I am in a stage of learning to use Stan and Rstan for modeling hierarchical problems. I am trying to create my own in stan function to estimate conditional logit models, but in my function definition I have some problem. I am writing to see if it is possible for you to help me. I share my code:

functions { 
  real my_logit(int choice, matrix Xm, row_vector[K] eta) {
    vector[rows(Xm)] probs;
    probs = softmax(Xm * eta);
    return categorical_lpmf(choice| probs);
  int<lower=2> J; // of alternatives/outcomes
  int<lower=1> N;  // of observations
  int<lower=1> K; // of covariates
  int<lower=0,upper=J> Y[N];
  matrix[J,K] X[N];

parameters {
  vector[K] beta;  // attribute effects 

  for (i in 1:N)

[edit: escape formatting]

The problem here is that you’re not incrementing the target log density. Your model loop should be this:

for (n in 1:N) {
  target += my_logit(Y[n], X[n, n], beta);

But you’ll find this won’t compile because your matrix operations are not going to conform dimensionally. Multi-logit has a vector of covariates per item and a matrix of parameters.

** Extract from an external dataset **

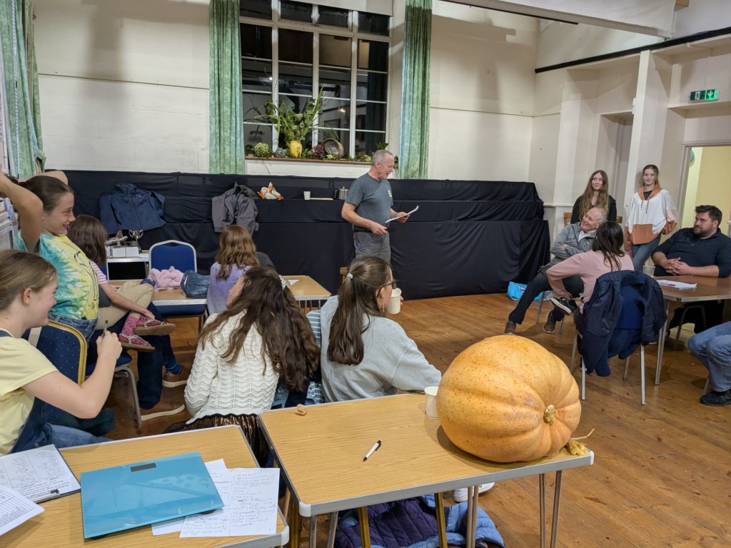 (2) Guessing the weight of the Pumpkin: shared winners Bennedict Hayden-Davies with Iris Scorer

But you have to be careful about identifiability and even if you get all this right, your model won’t work without an identification strategy (such as a prior on beta).

For the idiomatic way to define multi-logit and a discussion of identifiability in Stan, see:

We also have a more stable categorical_logit built-in which does the softmax internally.

Hello, maybe there is a confusion. The function is rather a nice conditional logit where each alternative or possible value of y has its predictor variables. I’ll give you a data generating function in R. for more detail.

generate_mnl_data <- function(N=1000, K=2, J=3, beta=c(1, -2)){
  if(length(beta) != K) stop ("incorrect number of parameters")
  Y <- rep(NA, N)
  X <- list(NULL) 
  for (i in 1:N) {
    X[[i]] <- matrix(rnorm(J*K), ncol=K)
    Y[i] <- sample(x=J, size=1, prob=exp(X[[i]]%*%beta))
  list(N=N, J=J, K=K, Y=Y, X=X, beta=beta)
d0 <- generate_mnl_data()

where K is the number of attributes of the alternatives, J are the alternatives and N the individuals

I don’t know R that well. Is that prob statement just going to normalize, so the real probabilities would be softmax(X[[I]] %*% beta)?

I had to look up R’s sample function—that takes a single draw with probabilities proportional to the prob argument. So this really just is a categorical softmax thing. So the code is very simple and matches yours, but I didn’t use a function and I used categorical_logit (which applies softmax to its argument).

data {
  int<lower=2> J;
  int<lower=1> N;
  int<lower=1> K;
  array[N] int<lower=1, upper=J> y;
  array[N] matrix[J, K] x;
parameters {
  vector[K] beta;
model {
  for (n in 1:N) {
    y[n] ~ categorical_logit(x[n] * beta);

This model is overparameterized as described in the user’s guide section I linked in the last reply. Thus it’s not identified and won’t work as is. The section discusses strategies for identification:

  1. Pin one of the value sin beta to 0.
  2. Enforce a sum-to-zero constraint on beta
  3. Put a proper prior on beta

The code for these strategies are discussed in our user’s guide. For pinning you declare vector[K - 1] beta_prefix and then append a 0 to the end (or beginning) to define beta. For sum-to-zero, you declare also with K - 1 and then set the last value to the negative sum of the first elements. For prior, you can leave it as K.

Thank you.